Volume 128, 20172017 International Conference on Electronic Information Technology and Computer Engineering (EITCE 2017)
|Number of page(s)||4|
|Section||Simulation Model and Algorithm|
|Published online||25 October 2017|
An Updated Projection Twin Support Vector Machine for Classification
School of Information and Engineering, Yancheng Institute of Technology, 224001 Yancheng, China
a Corresponding author: email@example.com
Based on projection twin support vector machine (PTSVM) and its extensions, this paper describes an updated PTSVM (UPTSVM) for classification.
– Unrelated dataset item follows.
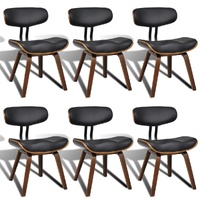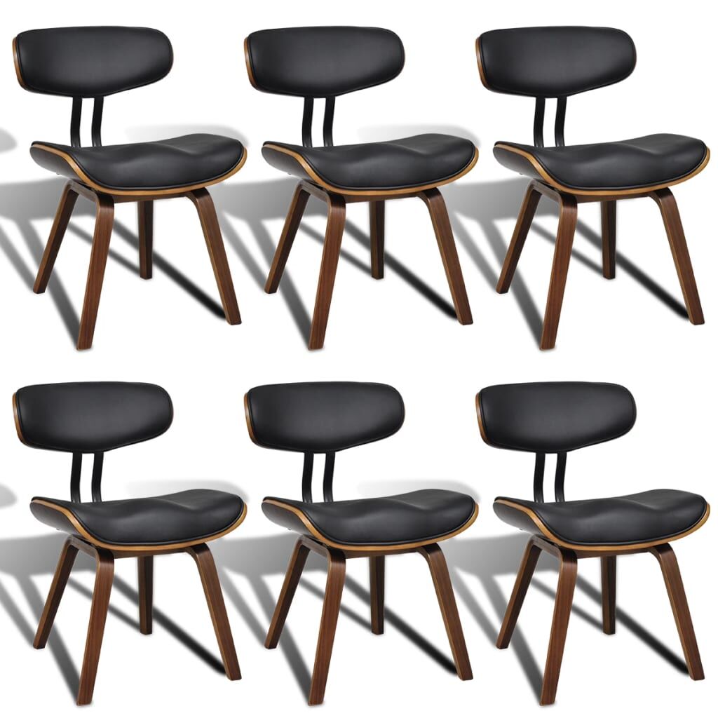 This dining chair set, including 6 pcs, is an eye catcher to decorate any room. With a neat and simple design, it will surely bring you seating comfort! The dining chair, covered with high-quality artificial leather, is well padded to provide optimum comfort. The sturdy bent wood frame adds unique beauty and style. The 4 wooden legs deliver high sturdiness and stability. The ergonomic design makes the dining chair very comfortable to sit on for hours. Delivery includes 6 artificial leather chairs.

Compared with existing PTSVMs, UPTSVM has its own advantages. First, similar to the standard support vector machine (SVM), UPTSVM maintains the consistency of the optimization problems in the linear and nonlinear case, which results in the nonlinear formulations can be directly turned into the linear ones. Nevertheless, the existing PTSVMs lose the consistency because of using empirical kernel to construct nonlinear formulations. Second, UPTSVM avoids the inverse of kernel matrixes in the course of solving dual problems, which indicates it can not only reduce computing time but also save storage space. Third, UPTSVM can be practically proved equivalent to the PTSVM with regularization (RPTSVM). Experimental results on lots of data sets show the virtue of the presented method.
© The authors, published by EDP Sciences, 2017
This is an Open Access article distributed under the terms of the Creative Commons Attribution License 4.0, which permits unrestricted use, distribution, and reproduction in any medium, provided the original work is properly cited. (http://creativecommons.org/licenses/by/4.0/).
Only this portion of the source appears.